I like this notation because it tells you a lot about the relationship in a very concise way. Reading it can take a little getting used to, but here’s what you do: Starting with the entity and following the relationship line that comes out of it through to the related entity, say…
“[ENTITY NAME] [optionality] [name] [cardinality] [ENTITY NAME]” where optionality is denoted by solid (mandatory) or dashed (optional) line and cardinality is denoted by crow’s foot (many) or a straight-line (one) connector.
Such as, “STATE/PROVINCE must be contained within one COUNTRY”. I know it’s a lot to take in, but practice a little, and it’ll make sense. I promise.
What you’ve defined with a relationship is a business rule. If you’re lucky enough to have business rules in advance, that’ll take you a long way towards defining your relationships.
Let’s talk attributes. Attributes are a detail that helps to describe the entity or the state of the entity.
If I’m looking at my COUNTRY entity, I might have many ways to describe it and its state
- Established Date
- Government Type
- National Symbol
These are potential attributes for my entity. Why do I say potential? Well, because until we start filling out this model, we’re not really sure whether they fit as attributes or not. Attributes have rules:
1) Attributes should depend on the key.
So far, I’ve defined my natural (or business) key of Country as Country Code. Each attribute needs to be examined and the question asked: Does this attribute define that key and nothing else?
2) Attributes should be atomic.
This means that an attribute serves as one descriptor of the entity. It can’t represent two things. Say I had an attribute called LanguagePercent that contained information like “English-60%” and “Spanish-40%”. This needs to be handled differently. (Come back on Friday when we talk about ERD refinement to see how)

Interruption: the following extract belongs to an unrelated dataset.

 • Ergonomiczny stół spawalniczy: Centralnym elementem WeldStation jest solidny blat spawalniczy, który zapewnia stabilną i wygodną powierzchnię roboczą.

3) Attributes should not repeat.
Taking the Language attribute, let’s think of this in real-world terms: Some countries have a single, official national language (I’m looking at you, France), but others have multiple recognized languages. Belgium has three: Dutch, French, and German. I don’t want to have to add attributes to my entity like Language1, Language2, Language3. There is a solution: LANGUAGE isn’t an attribute after all. It’s an entity, with a relationship to COUNTRY. How about that? We just refined our list of entities.

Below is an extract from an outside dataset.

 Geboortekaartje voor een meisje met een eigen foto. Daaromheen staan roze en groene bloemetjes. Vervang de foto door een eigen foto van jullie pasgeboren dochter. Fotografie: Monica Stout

What’s really cool about this is that COUNTRY and LANGUAGE actually have a Many-to-Many relationship once you break it out and start working through your verb phrase:
“COUNTRY must communicate via one or more LANGUAGE, and a LANGUAGE may be the communication method for one or more COUNTRY”
Many-to-many relationships are valid business/real world relationships, but they don’t fly within a database. On Friday when we talk ERD refinement, we’re going to have to address this.
4) Attributes should not describe other attributes.
What if I had two attributes, National Symbol and Has National Symbol? Well, the information contained in National Symbol is going to be dependent on whether there is one. We don’t want that. Our attributes should only define the entity.
Given this, we have the start of an Entity-Relationship Diagram for Country.
We’re going to stop here for today. For my homework, I’m going to go through the rest of the entities, define the relationships between them, and then define attributes. If you’re feeling frisky, try fleshing out the model on your own. On Friday, we’ll compare notes then start the very important refinement process. This is where we take a first draft of an ERD, and see how we can improve it. Data Modeling is an iterative process. No one creates a perfect model on the first try – that’s why we’ll spend Friday learning about how to methodically refine our ERD.
Thanks for reading, and I hope to see you again on Friday.